9.8.3. Choosing the sample time
The time between 2 computations of the control value is defined as sample time. The smaller the sample time the more often the control value is calculated. As a rule of thumb you can keep in mind that the sample time should not be higher than one tenth of the smallest time constant in the closed control loop. Experiences have shown that the following values achieved useful results (stable control) with the appropriate devices.
Application |
Sample Time (ms) |
---|---|
Qmix Q+ |
500 |
Pressure control using Nemesys and Qmix P |
50 |
Tip
For the sample time choose values that are less than or equal to 1/10 of the smallest time constant occurring in the control loop.
9.8.4. Setting the control value limits
You can limit the minimum (Umin) and the maximum (Umax) control value of the controllers. The control value should have a sufficient stroke in order to reach the desired setpoint values. But you should also take care not to damage the controlled system by choosing to large control value limits. (e.g. too high flow rate of a neMESYS dosing module in a pressure controlled system leads to damage of the fluidic system) You should test the control value limits by temporarily acting with them on your controlled system. (e.g. dose with a Nemesys pump using a flowrate equal to the control value limit) Futhermore you have to choose a value assumed by the controller if the control channel is disabled (Udisabled) which is usually zero.
Attention
Insufficient limitation of the control value can lead to damage of the controlled system.
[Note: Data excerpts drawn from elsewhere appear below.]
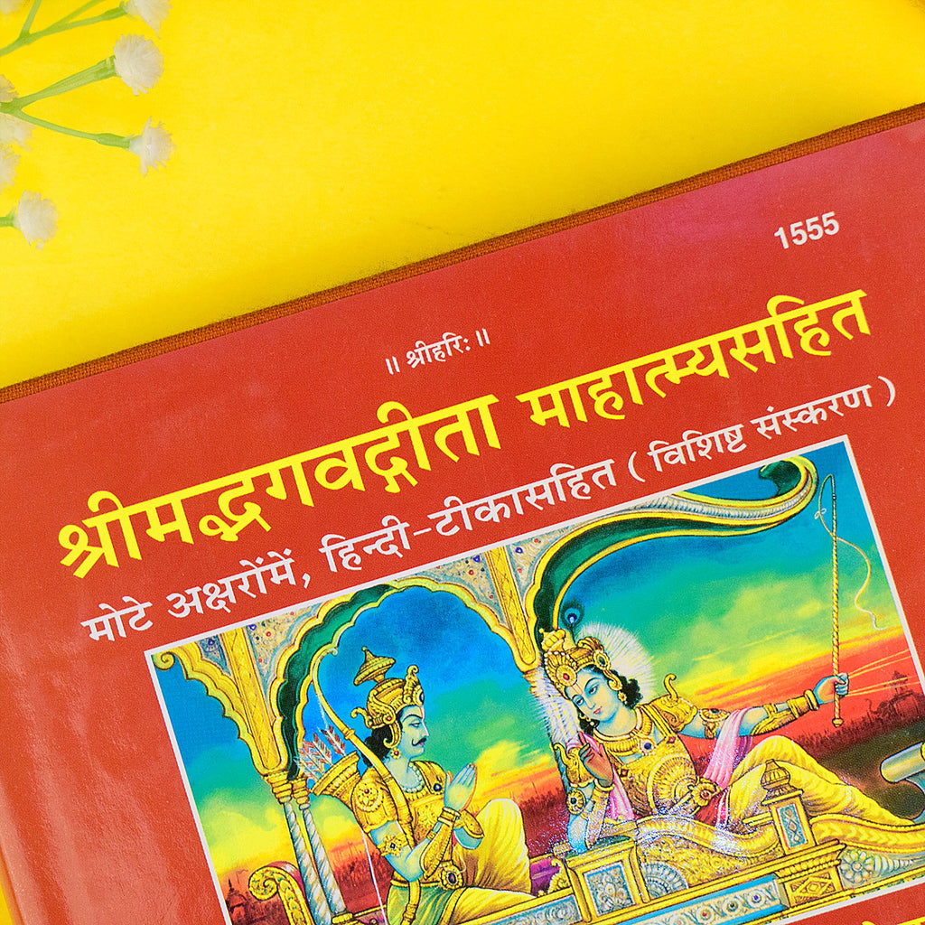 Shrimad Bhagwad Gita 1555 | Bhagavad Gita Hindi book | Divine Hindu scripture | Krishna Arjuna Gita | Spiritual Gita book | Sacred Hindu text | Bhagavad Gita publication | Gita in Hindi | Religious Hindu literature |
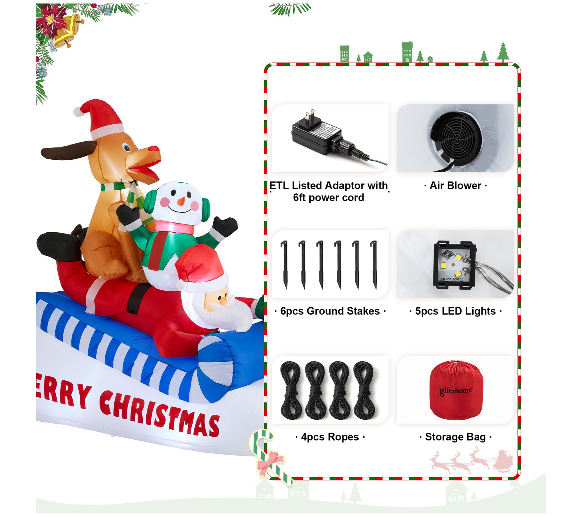 Glitzhome 6ft Lighted Inflatable Skiing Santa Snowman and Dog
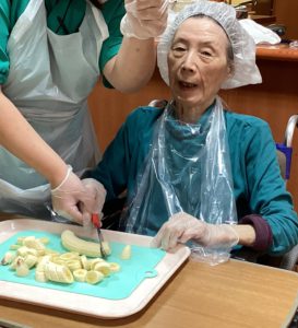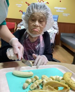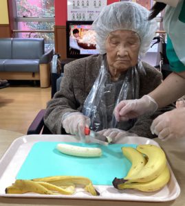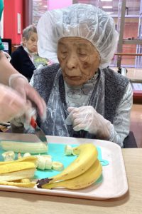 トッピングにするバナナも包丁を使って切っていきます🔪
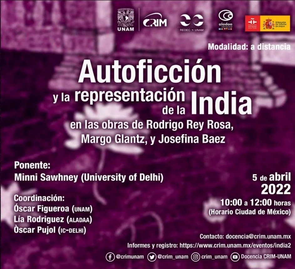 Minni Sawhney (University of Delhi) - Conferencia : “Autoficción y la representación de la India en las obras de Rodrigo Rey Rosa, Margo Glantz, y Josefina Baez”
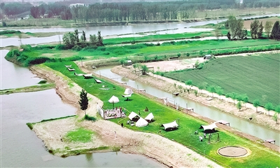 近年来,我市大力发展生态休闲观光农业和乡村旅游,位于西青区辛口镇第六埠村的生态六埠景区利用独特的自然水资源建成六埠水岸露营公园。该公园占地面积约6000平方米,美丽的自然景观与丰富多彩的体验项目为游客提供了一个享受田园乐趣的理想之地。

9.8.5. Determination of PI parameters
A temperature control system usually makes up a delay line containing one or more delay time constants. It can often be approximated by a first-order delay line. The appropriate step response function is:
Setting the controller parameters targets the compensation of the delay time constant T1and adapting the controller gain Kp in order to reach an efficient control behaviour. In practice T1is often unknown, but you can gradually approach to a useful result using the following procedure.
Choose the values for Sample Time, Umin, Umax und Udisabled according to the recommendations in the previous sections. Disable the differential and integral share by setting the controller time constants to 0. This leads to a simplified controller equation.
\[U = {K_{p} \cdot e}\]Set a moderate value for the proportional gain. Keep in mind that by means of Kp the control error immediately impacts the control value. Choosing a too big value for Kpcan drive the controller into saturation.
Give a setpoint step to your control loop, i.e. by changing the setpoint temperature from room temperature to 50°C and activating the control channel. (see section Entering setpoint and Switching control devices on / off)
Providing a first-order delay line the actual value will behave according to the following figure.
Depending on chosen controller proportional gain Kp the actual value will vary quickly settle near the setpoint value. Due to the fact that a proportional controller is not able to fully compensate a delay line, a steady-state error establishes. If Kp is set too low, the actual value approaches only very slowly the target value. (see curve for Kp = 1 in figure above) If Kp is set to high, the actual value overshoots, optionally oscillates about the setpoint. (see curve for Kp = 50 in figure above) In the provided example the actual value reaches a steady-state quickly without overshooting using Kp=3. This is why we use that value for further optimizations.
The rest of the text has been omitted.